Дым сигареты попал в глаза, и переводчик, недовольно поморщившись загасил окурок в тарелочке.
— Ты бывалый солдат, Лученков, храбрый, опытный. Думай. Согласишься, немецкое командование направит тебя в школу пропагандистов. Станешь офицером. В новой России ты сможешь начать новую жизнь. А Советы тебя не простят. Это как пить дать! Так что принимай решение.
Он снова замолчал, пристально глядя в лицо Лученкову.
— Но к сожалению, солдату за каждое принятое на войне решение приходится платить только одним — жизнью.
Приблизив к нему глаза, прикрикнул.
— Ну! Соглашайся!
Лученкову показалось, что мир вокруг него стал враждебным и казалось, чего-то ожидал от него…
Сердце его угрожающе зачастило, кожа сделалась влажной. На лбу выступили капельки пота.

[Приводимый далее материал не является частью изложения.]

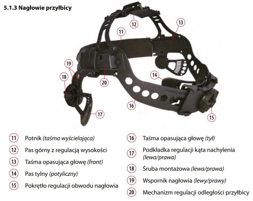 Wielowymiarowa możliwości regulowania nagłowia - dopasuj przyłbicę do swoich indywidualnych preferencji.
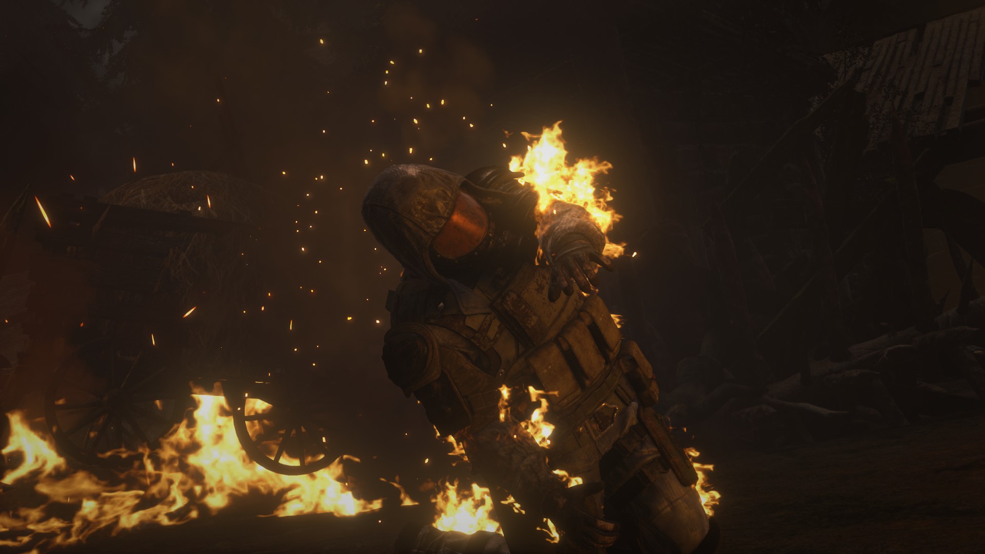 Kimenve jobbra tarts, majd lefelé menve az ösvényen, egy békanyálas kis tavon úszva egy veszélyes területre értél. Kimászva a vízből tűz vesz körül, mindent felgyújtottak. Három rabot is ejtettek, köztük naná, hogy a peches Jákobot is. A fegyveredért nyúlsz, de Jákob nemet int, félti a barátait. Az egyik túszt lelövik. Jákob elveszi a puskát a fegyverestől, és lelövi. Neked adja, harcolj te. Frankó kis barát. Mindenesetre most tiéd a Shotgun.

Глеб с трудом разжал стиснутые зубы, открыл рот и вытолкнул из себя слова.
— Я согласен!
Мир снова стал живым и безопасным, как на картине. Он приглядывался к Лученкову уже без гнева и укоризны.
В окне снова мелькнул ворон, тяжело взмахнув крыльями, свалился с верхушки сосны и полетел прочь.
Наутро Лученкова отправили в тыл, в полевой госпиталь для солдат вермахта, а потом в специальный лагерь для тех, кто изъявил желание служить в русских формированиях Вермахта. Он устало сидел в набитом людьми вагоне поезда.
Вдыхал запахи паровозного дыма, мочи, шпал, рельс, мокрого пола, полированных лавок, потных людей и думал о том, что жизнь вновь идёт по одному и тому же кругу. Тюрьма… война.
Потом вновь тюрьма и снова война.
Поздним вечером на маленьком полустанке он вместе с группой солдат вышел из вагона. Привычно построились и пошли вперёд в вечерней набирающей густоту темноте. Сыпалась с неба снежная крупа. Скользили и разъезжались мокрые сапоги.
Лежали в стороне пустые заснеженные поля, спящие деревни, откуда тянуло печным дымком затухающих печей.
Нигде нe было видно ни огонька, а лишь бдительные деревенские псы, потревоженные чужим запахом, остервенело брехали из глубины дворов. Шли молча, сосредоточенно, перебрасываясь редкими словами, и Лученков слышал вокруг, впереди, за собой, тяжелое, упрямое дыхание строя.
Как тогда, три месяца назад…
Пройдя несколько километров по заснеженной, грунтовой дороге, подошли к барачному лагерю. На металлическом шесте у КПП трепыхался Андреевский флаг.
Над воротами была надпись по-русски: «Русская Освободительная Армия. Специальный лагерь».
И то же самое по-немецки.
И старший, выравнивая дыхание, хрипло произнёс:
— Ну вот, ребяты, мы и дошли. Дотопали…Так и до дома дойдём.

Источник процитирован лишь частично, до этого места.